Анна широко раскрыла глаза:

– Тебе про это сказала Лариса?

Кравцов кивнул.

– С этим, Коля, живут, – ответила Анна, не мудрствуя.

– Так, значит, ты действительно никогда никого кроме меня больше не любила? – переспросил Николай, притягивая Анну к себе.

Она забилась в его руках плачем. Кравцов принялся гладить её по спине и плечам. – И никакого другого мужчины после меня у тебя не было? – даже в такой ситуации Кравцову было важно знать всё, чтобы успокоить своё мужской самолюбие.

Анна замотала головой.

– Аня, милая моя, любимая, единственная, драгоценная… Прости меня! Как же я мог сомневаться в тебе? Как мог жениться на Ларисе? Как допустил, что она… Что мы…

В голосе вновь заскулила тревога. Анна освободилась от объятий и, встав с кровати, утёрла лицо. Николай сидел при свете горящих свеч, с прежней маской мученика. Анне стало его снова нетерпимо жалко:

– Не надо, Коля, заново всё тормошить. Суд оправдал тебя. Мне ты рассказал как всё было. Грехи, какие есть, мы оба будем замаливать всю жизнь. Я люблю тебя и верю тебе. Значит, всё будет хорошо. Пошли поедим что-нибудь? Скоро Новый год.

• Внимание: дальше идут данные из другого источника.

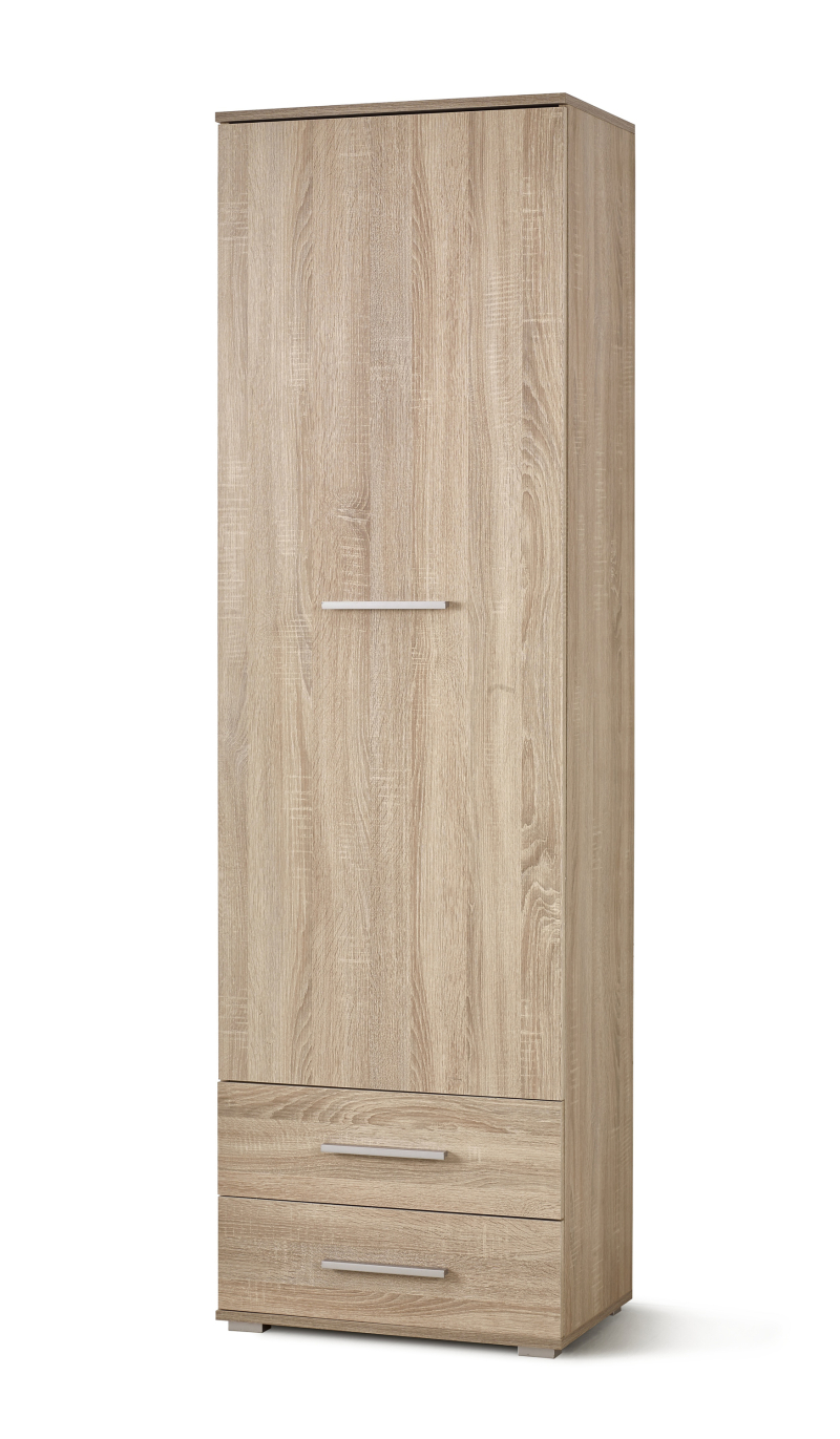 LIMA S-2 szafa dąb sonoma / biały Przedstawiamy szafę LIMA S-2, idealne połączenie nowoczesnej estetyki i funkcjonalności. Dzięki wymiarom 80/52/205 cm, ta elegancka szafa doskonale wpasuje się zarówno w niewielkie, jak i przestronne wnętrza. Wykonana z płyty meblowej laminowanej, jest nie tylko stylowa, ale i niezwykle łatwa w utrzymaniu czystości. Oferująca praktyczne rozwiązania, szafa LIMA S-2 wyróżnia się dwiema pojemnymi sekcjami oraz dwoma funkcjonalnymi szufladami. Dzięki unikalnej kolorystyce dąb sonoma / biały, szafa dodaje lekkości i świeżości każdemu pomieszczeniu. Zastosowanie obrzeży ABS zapewnia dodatkową trwałość oraz odporność na uszkodzenia mechaniczne, co sprawia, że produkt posłuży przez długie lata. Uniwersalny styl, utrzymany w modnej współczesnej estetyce, sprawia, że szafa LIMA S-2 świetnie komponuje się z innymi elementami wyposażenia w każdym stylu. Dzięki swojej prostocie i elegencji, stanie się ozdobą zarówno sypialni, jak i przedpokoju, oferując jednocześnie pełną funkcjonalność. Wymiary: 80/52/205 cm Materiał: płyta meblowa laminowana, wysoki połysk Wykończenie: obrzeża ABS Kolory: front biały / korpus dąb sonoma Funkcjonalne szuflady na drobiazgi i akcesoria Gwarancja producenta wynosi 24 miesiące, a szafa dostarczana jest z instrukcją montażu, co pozwala na samodzielne złożenie mebla w wygodny sposób. Dostawa: Oferujemy płatną usługę dostawy z wniesieniem. Prosimy o zaznaczenie tej opcji podczas składania zamówienia, aby cieszyć się komfortem bez dodatkowego wysiłku. Koszt usługi zostanie doliczony do zamówienia. wymiary: 80/52/205 cm, materiał: płyta meblowa laminowana / wysoki połysk, obrzeża ABS, kolory: biały / dąb sonoma

Анна направилась из комнаты, как вдруг её пронзила мысль, остановившая на пороге. Повернувшись к Николаю, женщина раздумывала мгновение говорить или нет и по его пытливому взгляду поняла, что он ждёт:

– Коля, а как же объяснить то, что при повторном обыске милиция нашла ещё одну таблетку снотворного? – Анна пыталась поставить последнюю точку в объяснениях.

Кравцов, словно готовый к вопросу, развёл руками:

– Не знаю, Аня. Просто не знаю.., – мужчина посмотрел в глаза самой дорогой ему женщины. В его взгляде промелькнул испуг, – Ты мне не веришь?

Сколько раз за прошедшее время Кравцов доказывал всем: следователям, адвокатам, судьям, родным ту правду, что только что рассказал Анне! И сколько раз убеждался в том, что ему если и верили, то частично. Оттого теперь, объясняясь с ней, с которой предстояло после этого жить всю оставшуюся жизнь, Николай действительно испугался. Он не смог бы переживать неверие снова и снова, просыпаться каждое утро и сомневаться в том, что Анна подозревает его в чём-то. Но она, опять же всё поняв, поспешно выдохнула:

– Верю, Коля, верю.

После подобного признания, вряд ли бы Николай стал утаивать от неё ещё какие-то детали. Керман предпочла отставить историю с дополнительной уликой обвинения в сторону, снести её на странную случайность, сыгравшую неблаговидную роль в процессе. Разве только что оставалось предположить, что таблетка, найденная между подушками дивана в зале у Фёдоровой, была специально подстроенным фактом, чтобы сделать обвинение подозреваемого Кравцова очевидным?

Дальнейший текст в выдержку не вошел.